The main characteristics of chaotic systems are topological transitivity, initial value sensitivity, and strange attractors. The main difference between chaotic time series and random time series is the strange attractors with a dense area; hence, chaotic time series and random time series can be distinguished through the critical dimension m_c of the network. When m is greater than three, no edges exist for the random time series because there is no obvious dense attractor region in the random time series.

The essence of this method is to unravel the chaotic attractor [2], a process which includes defining the dense features of the chaotic attractors of time series through comparison and disassembling the dense attractors by increasing the phase space reconstruction dimensions. The strength of the randomness of the time series is measured using the complexity of unraveling the attractor. A chaotic system includes both certainty and uncertainty (randomness). The most difficult task is to unravel the attractor the stronger its degree of aggregation and certainty, which means that chaos (the chaos mentioned here refers to the certainty in the chaos corresponding to the completely random nature) is more obvious. Conversely, randomness is more obvious. Additionally, under the same reconstruction dimension m (m ≥ 3), for the same time series length, the smaller the number of edges, the stronger the randomness. By contrast, the greater the number of edges, the stronger the certainty.

The nature of a dynamic system under a determined evolutionary rule is stable, which means that, regardless of whether a system is linearly divergent, fixed, periodic, chaotic, or random, it should maintain its nature over time. During the running process, the system has the same properties when the length of the time series increases. For example, for chaotic time series, whether the length of the series is 100 or 1000, its m_c is always greater than three; conversely, for a random time series with the same lengths, its m_c is always equal to three [1]. Therefore, the network method can be used to study whether the properties of the time series are stable and reliable.

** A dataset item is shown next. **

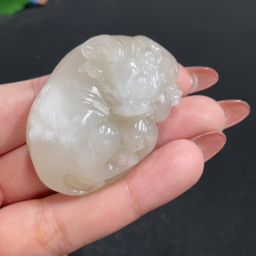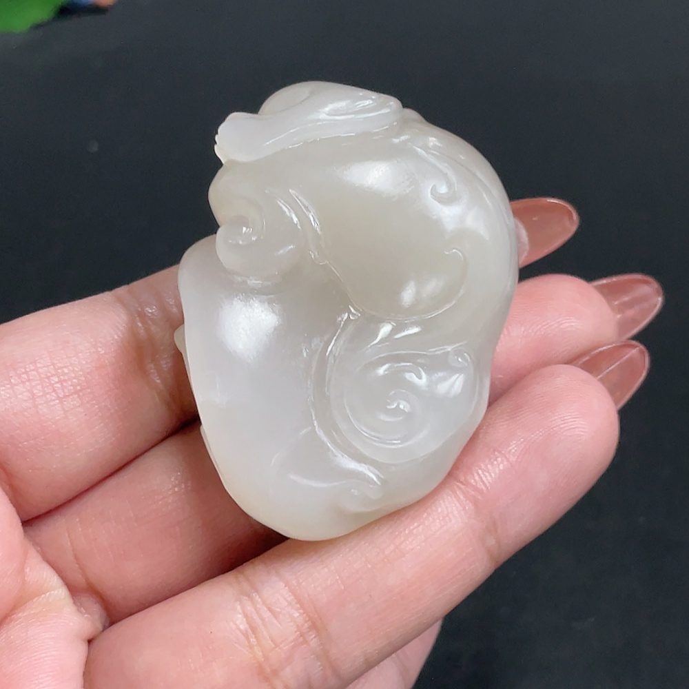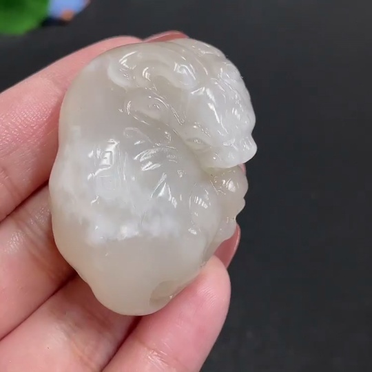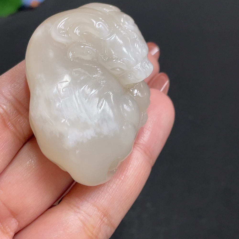 Hetian Jade Pendant, Auspicious Beast, Total Weight Approx. 56.3g, Surface with Glue
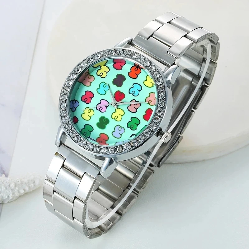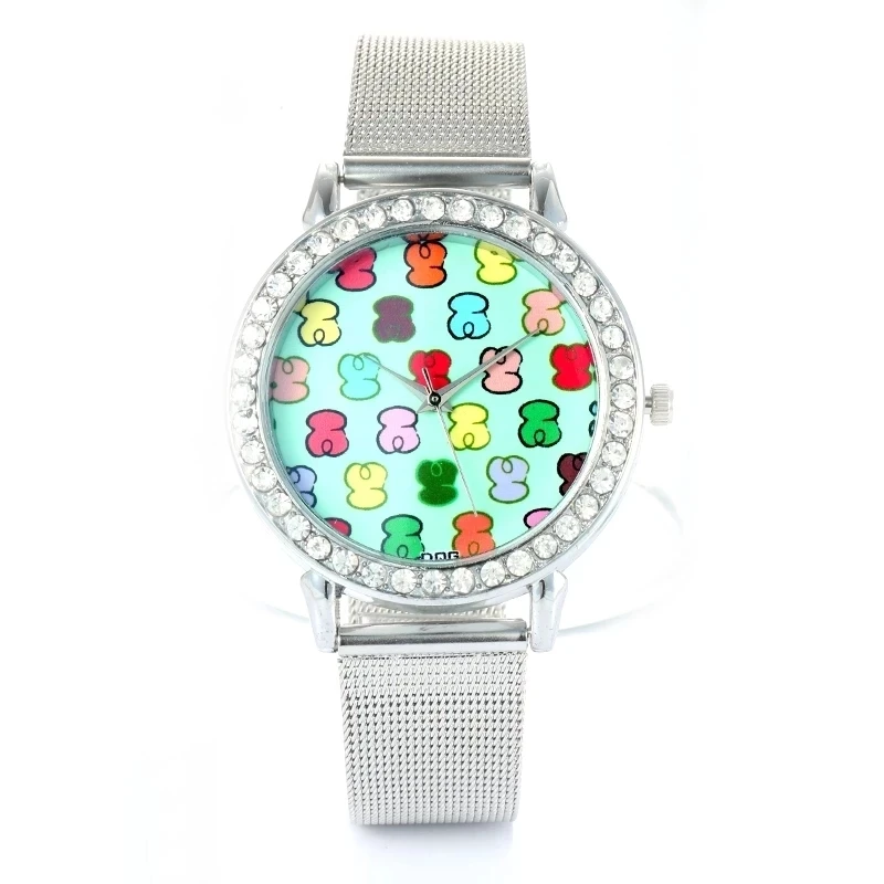 Часы наручные женские с медведем, роскошные модные брендовые, серебристые с браслетом

For a system with r variables, the movement of the variables together constitutes the system’s running trajectory, which indicates the nature of the system. Whether the r variables have a mutually influential relationship is very important and determined by calculating the correlation coefficient using the traditional statistical method. When the r variables are nested within each other (here nesting means that the iterative equations include all variables) and strongly nonlinear, the correlation coefficients have little effect. Meanwhile, a system with r variables has a stable and consistent property, and the trajectories of these r variables should have the same properties. For example, for a chaotic system, all the trajectories formed by the r variables should be topologically transitive and sensitive to the initial values and have strange attractors. If the network method is used to study these systems, the change of edges number of the corresponding network should appear as a type of synchronization of trends. Note that what we emphasize here is the changing trend of different variables, not the network constructed by different variables. In fact, even in a system where r variables are nested and affected, the number of edges is likely to be different.

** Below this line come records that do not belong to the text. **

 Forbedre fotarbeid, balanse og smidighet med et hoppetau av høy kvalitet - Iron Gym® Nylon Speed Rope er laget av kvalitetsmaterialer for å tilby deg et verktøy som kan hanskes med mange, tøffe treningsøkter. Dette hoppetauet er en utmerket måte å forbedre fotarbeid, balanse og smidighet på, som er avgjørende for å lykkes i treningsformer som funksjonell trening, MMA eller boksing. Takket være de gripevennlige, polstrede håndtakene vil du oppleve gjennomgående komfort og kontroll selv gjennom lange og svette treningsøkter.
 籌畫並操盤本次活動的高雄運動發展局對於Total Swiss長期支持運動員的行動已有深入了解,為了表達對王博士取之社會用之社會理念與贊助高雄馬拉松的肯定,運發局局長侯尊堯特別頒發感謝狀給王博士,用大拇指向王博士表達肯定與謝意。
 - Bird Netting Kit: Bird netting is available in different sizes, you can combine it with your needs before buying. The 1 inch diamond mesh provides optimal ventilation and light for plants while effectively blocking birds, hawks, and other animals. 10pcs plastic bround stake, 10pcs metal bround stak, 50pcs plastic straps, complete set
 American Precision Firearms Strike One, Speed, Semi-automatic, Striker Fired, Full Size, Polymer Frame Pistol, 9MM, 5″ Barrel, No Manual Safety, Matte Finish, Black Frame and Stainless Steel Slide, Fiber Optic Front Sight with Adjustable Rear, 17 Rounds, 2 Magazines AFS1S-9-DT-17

In this study, the dynamic system is jointly constructed with multiple coupled variables. For example,

\{\begin{matrix} x (t + 1) = f (x (t), y (t), z (t)) \\ y (t + 1) = g (x (t), y (t), z (t)) \\ z (t + 1) = h (x (t), y (t), z (t)) \end{matrix} t = 1, 2, \dots n

(1)

represents a dynamic system that includes three variables: x, y, and z, while t represents time. At the t + 1 step, x(t + 1), y(t + 1), and z(t + 1) are updated according to the functions of x(t), y(t), and z(t). Calculation of x(t + 1) can be obtained from the function f(x(t), y(t), z(t)); y(t + 1) can be calculated from the function g(x(t), y(t), z(t)); and z(t + 1) can be calculated from the function h(x(t), y(t), z(t)). For this system, the problems studied are as follows: (i) whether different variable (x, y, z) sequences have the same characteristics based on the network method and (ii) whether the edge numbers of the corresponding network of multiple variables evolve similarly over time.

The study implies that the network method can overcome the fact that the correlation coefficient can only deal with relatively simple linear interactions; hence, it is of great significance to determine the interdependence between multiple variables with nonlinear interactions. Furthermore, the method is applied to analyze the relationship between the stock price indices and the trading volume of a different type of security. In a security market, the relationship between the stock price index and trading volume is causal and unclear. The result demonstrates that the relationship between the stock price and trading volume can be clarified effectively using the algorithm in this study.

2. Related Work

The intrinsic dynamic properties of time series are reflected by network topological properties through the mapping of series into a network in which a small sequence segment is treated as a node, and the relationship between the segments is used to determine whether edges exist between nodes. Commonly, approaches used to determine linkage methods include correlation coefficients [3,4,5], visibility maps [6,7], the k-nearest neighbor network in phase space [8], ε-recurrence networks [9,10], and distance-based methods [1,2]. Donner compared different methods to investigate time series in detail with networks [11]. Scholars believe that research on network time series can discover the dynamic characteristics of time series, particularly the characteristics of chaos [1,2,3,4,6,10,11].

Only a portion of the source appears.